Nevertheless, the act of defiance "really ticked off the British regime," Randall explains. "Many of the Due east Republic of india Company'due south shareholders were members of Parliament. They each had paid 1,000 pounds sterling—that would probably be about a million dollars now—for a share of the company, to get a piece of the action from all this tea that they were going to forcefulness down the colonists' throats. And so when these bottom-of-the-rung people in Boston destroyed their tea, that was a serious thing to them."

READ MORE: The Boston Tea Party

5. The Coercive Acts (March-June 1774)

The Coercive Acts

The outset Continental Congress, held in Carpenter'southward Hall, Philadelphia, met to define American rights and organize a plan of resistance to the Coercive Acts imposed by the British Parliament as punishment for the Boston Tea Political party.
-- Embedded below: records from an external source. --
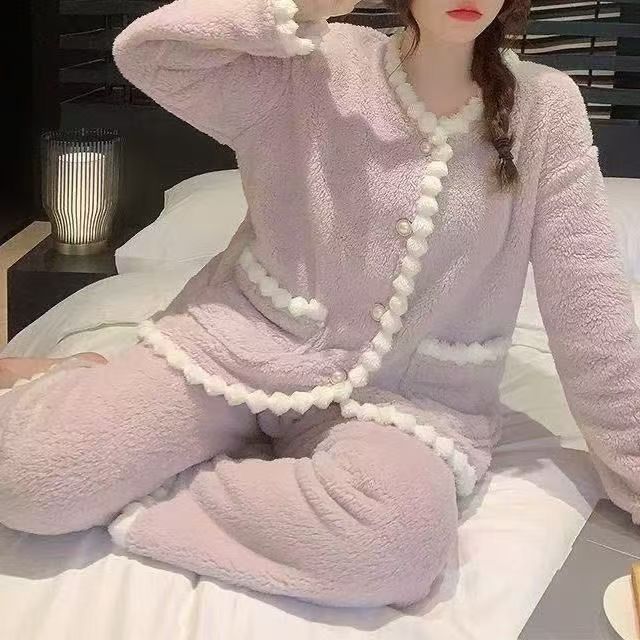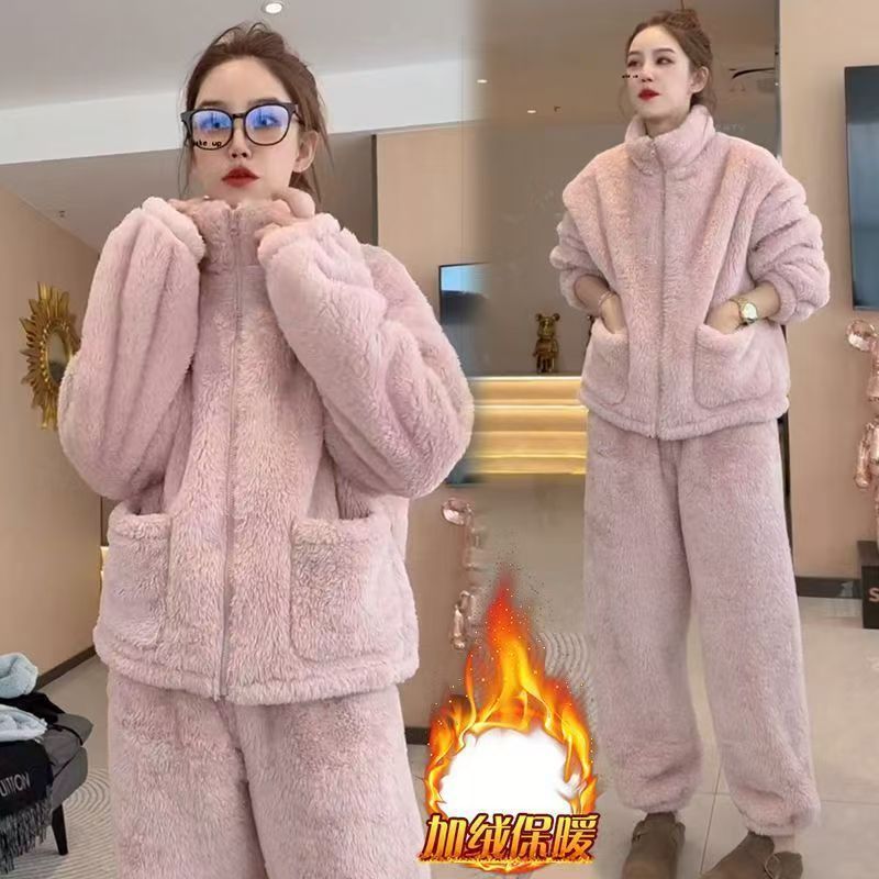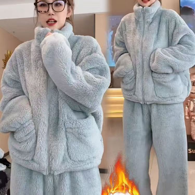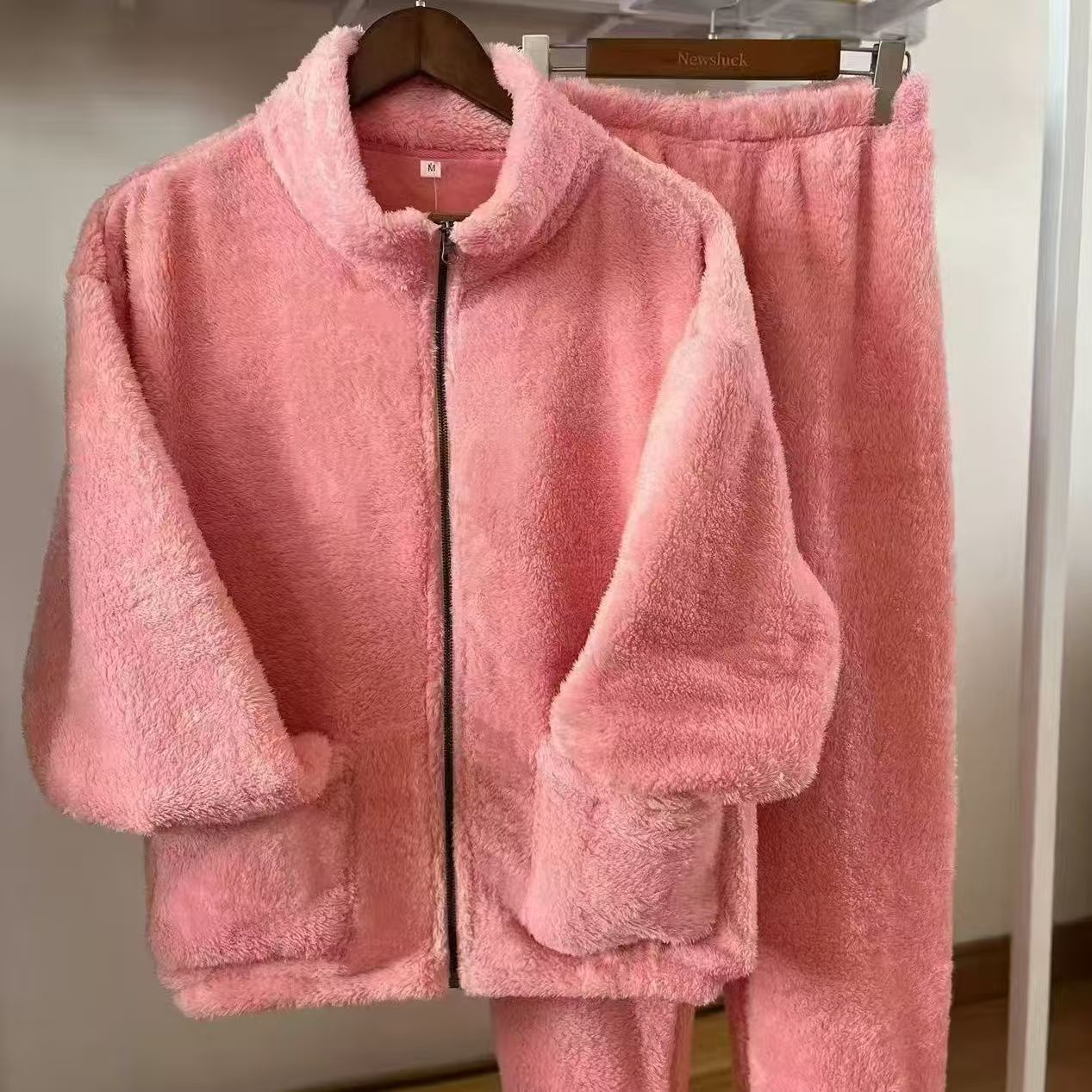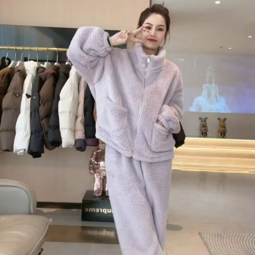 可外穿珊瑚绒春秋睡衣女开衫拉链套装女韩系情侣家居服两件套装
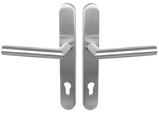 Klika ke dveřím je vhodná pro montáž předních a bočních vchodových dveří o hloubce 70 mm. Perforace této sady kování z kvalitní matné broušené nerezové oceli je určena pro profilové válce.
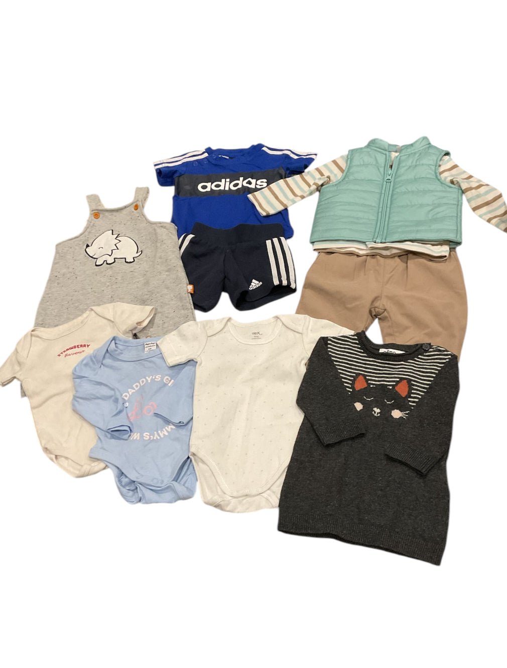 - 1 ensemble Adidas : teeshirt manches courtes bleu et marine + short bleu marine, 3 mois. 5€
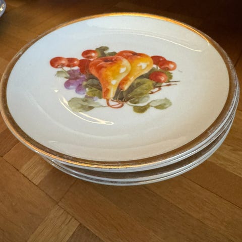 Motivet med duer og rosa rose er håndmodellert og håndmalt som er typisk for Karl Ens’ kvalitetsproduksjon på 1950-tallet.
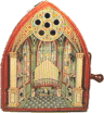 Item #7002: CHEIN MUSICAL TOY CHURCH. Very unusual toy by J. Chein and Co. Tin litho. Shaped like cathedral and ornately decorated to look like a church, with steeple, stained glass windows, tile floor and pipe organ. Turn crank on side and it plays organ music. Beautiful sound quality. 9 1/4 in. tall, with red wooden handle on crank. Signed "J. Chein & Co., made in USA" on bottom. Fine condition with very little paint missing. 1937. SOLD.

In response to the Boston Tea Political party, the British authorities decided that it had to tame the rebellious colonists in Massachusetts. In the bound of 1774, Parliament passed a series of laws, the Coercive Acts, which airtight Boston Harbor until restitution was paid for the destroyed tea, replaced the colony'southward elected council with one appointed past the British, gave sweeping powers to the British military governor Full general Thomas Gage, and forbade town meetings without approval.

Nevertheless another provision protected British colonial officials who were charged with capital offenses from existence tried in Massachusetts, instead requiring that they be sent to another colony or dorsum to Swell Uk for trial.

But perhaps the well-nigh provocative provision was the Quartering Act, which allowed British military officials to demand accommodations for their troops in unoccupied houses and buildings in towns, rather than having to stay out in the countryside. While it didn't strength the colonists to board troops in their own homes, they had to pay for the expense of housing and feeding the soldiers. The quartering of troops eventually became one of the grievances cited in the Annunciation of Independence.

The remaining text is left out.